FBPO: When Gary gave his presentation to the audience, I was surprised to hear names like Jaco Pastorius, Victor Wooten, and Michael Manring coming out of his mouth. He’s a real music fan.

CW: Yeah, he’s got an ear for the bass guitar. That’s really cool.

FBPO: What college did you go to Chris? 

CW: I just went to an upstate college, Schenectady, for my two years and got my music degree. Studied my Vivaldi, got into my German bow and all that. My passion really was playing live with my rock bands and stuff like that, so that kind of just continued. Then, after a cycle in New York, I decided to come to LA around ‘95 after a couple of bands ran their course. I was doing like seven bands at once and teaching, doing the Hollywood grind. That’s what exposed me to so many musicians and people, and that’s what led to bigger label bands and all that kind of stuff.

FBPO: Did you go through the traditional route with your classical studies on the upright? Simandl? 

CW: Yeah, Simandl, They were the books that got me started and learning the fingerings and everything. I had this instructor, Michael Wicks, who passed away. He was in the Albany Symphony in New York. That’s what got me started. He was really encouraging because I was so ticked off about not being able to play in tune. I was already written up by Mike Varney and was doing two-hand tapping and extreme edge stuff, really complicated, difficult stuff and real intense shredding a la Yngwie (Malmsteen), Eddie (Van Halen), Billy Sheehan. You know what I mean?

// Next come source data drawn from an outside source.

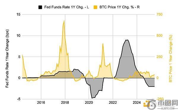 第一项研究比较了美国联邦基金利率的同比变化与比特币价格的同比变化。分析显示,两者之间没有明显的负相关性。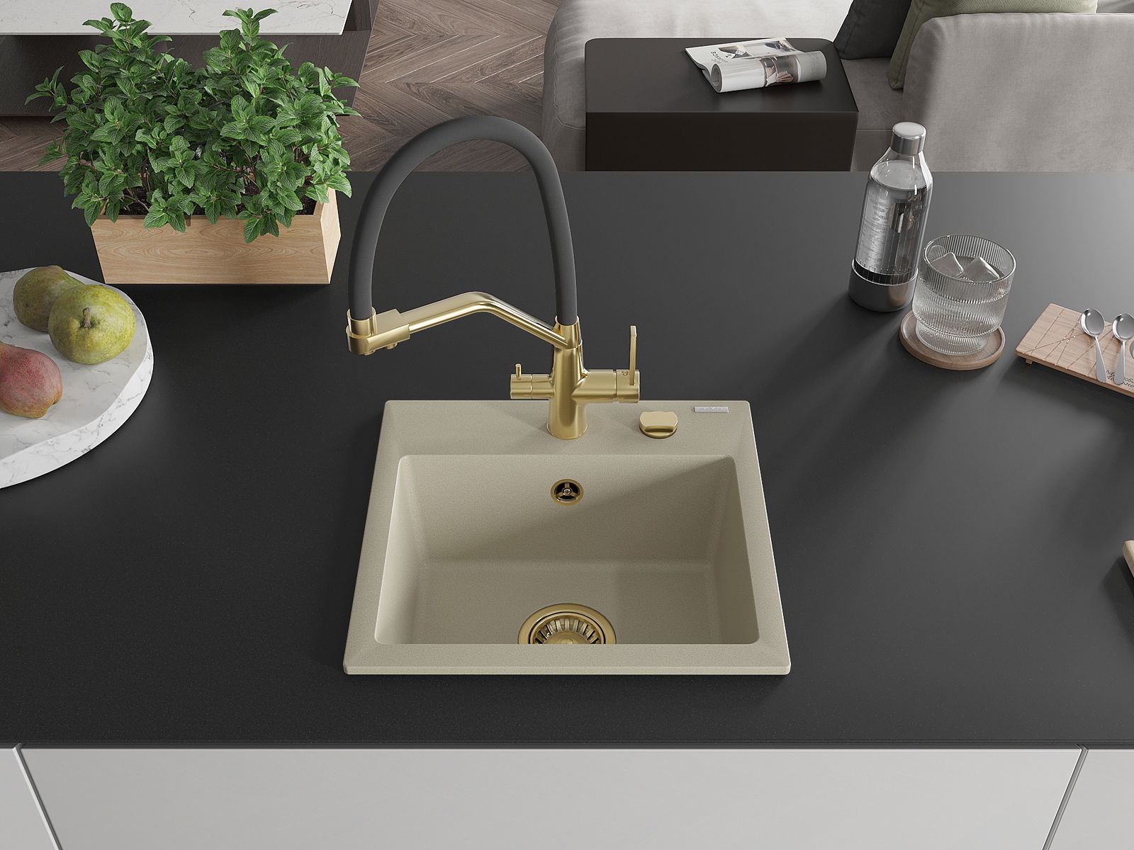 Suprafața chiuvetei este rezistentă la pete și decolorare, ceea ce o face ușor de întreținut și își păstrează culoarea pentru o perioadă lungă de utilizare. Un complet estetic și practic pentru orice bucătărie.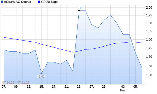 Mit dem Rücksetzer auf 1,58 EUR hat die hGears-Aktie am 06.11.2025 die 20-Tage-Linie nach unten gekreuzt.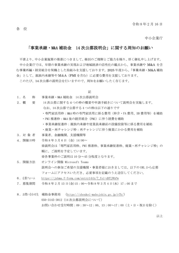このたび、14次公募の説明会を開催いたしますので、下記内容をご確認下さい。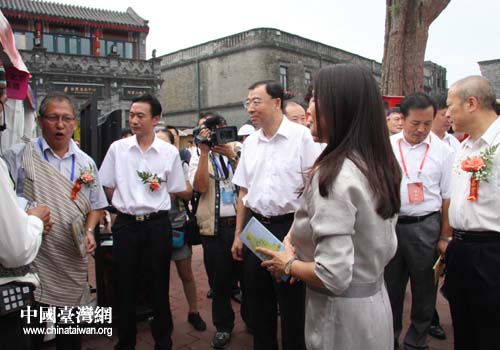与会领导和嘉宾参观“发现原乡之美”台湾五乡联展。(中国台湾网 郭庆娜 摄)
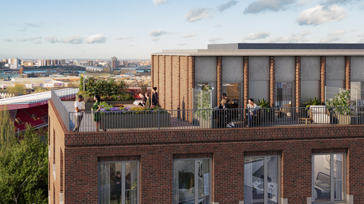 In addition to the outdoor amenity space on the ground floor, there is a landscaped roof terrace on the upper floor with a picnic table and seating as well as spectacular views of the city and Canary Wharf. Whether you're doing a HIIT workout or having a drink with neighbours after work, this space is an urban retreat.

FBPO: In those days, it seemed that if you wanted to study music you had to choose – I hate to use this word – a “legitimate” instrument within the classical repertoire. You couldn’t be a rock and roll or major, or in some cases, even a jazz major. Is that your story as well?

CW: Pretty much. I mean, the upright bass was the only option for me. There was no bass guitar and I was a bass freak. That was the thing that got me. My parents were from Ireland, old-school work ethic. I’m first-generation Irish and I figured they weren’t going to have it any other way. You had to go to college, so the upright bass was a bit of a shocker. Then I got used to it and was like literally playing Iron Maiden and Black Sabbath on it at home over the course of that year, getting ready for my audition and realized, oh my God, it’s all bow. It’s like 95 percent bow! That was the shocker. I was just in there trying to hold a note in tune and I was getting more and more frustrated because it was a whole different beast.

FBPO: Who else influenced you, other than Steve Harris?

CW: Of course John Paul Jones. Geezer Butler was a big one because Black Sabbath, that sound really struck me. I got into Billy Sheehan. There was Victor Wooten, Michael Manring, I was deep into them. Stu Hamm, you name it. But my style lent itself more to a hard rock, driving, punchy, distorted sound, which is what I was attracted to more. I loved Jaco, but I wasn’t as attracted to his tone because I was a rock and roll musician. I was very open and yet I had a focus. 

FBPO: You mentioned Billy Sheehan. He seems to stand out as one of your bigger influences.

CW: I was very into Eddie Van Halen. I remember being a teenager and the guys at the guitar shops would say to me, “You’re like the Eddie Van Halen on the bass. There’s this guy who’s the Eddie Van Halen on the bass, Billy Sheehan.” I remember finally getting the Talas album a couple years after I kept hearing about him. Times were kind of different. I loved Eddie Van Halen and I bought myself an overdrive pedal and started working on more distorted tones because I had a trio and all the bands had two guitars. It helped behind the guitar solos to have a little drive on the bass and fill it out. All those things influenced me. Then later, the bass guitar.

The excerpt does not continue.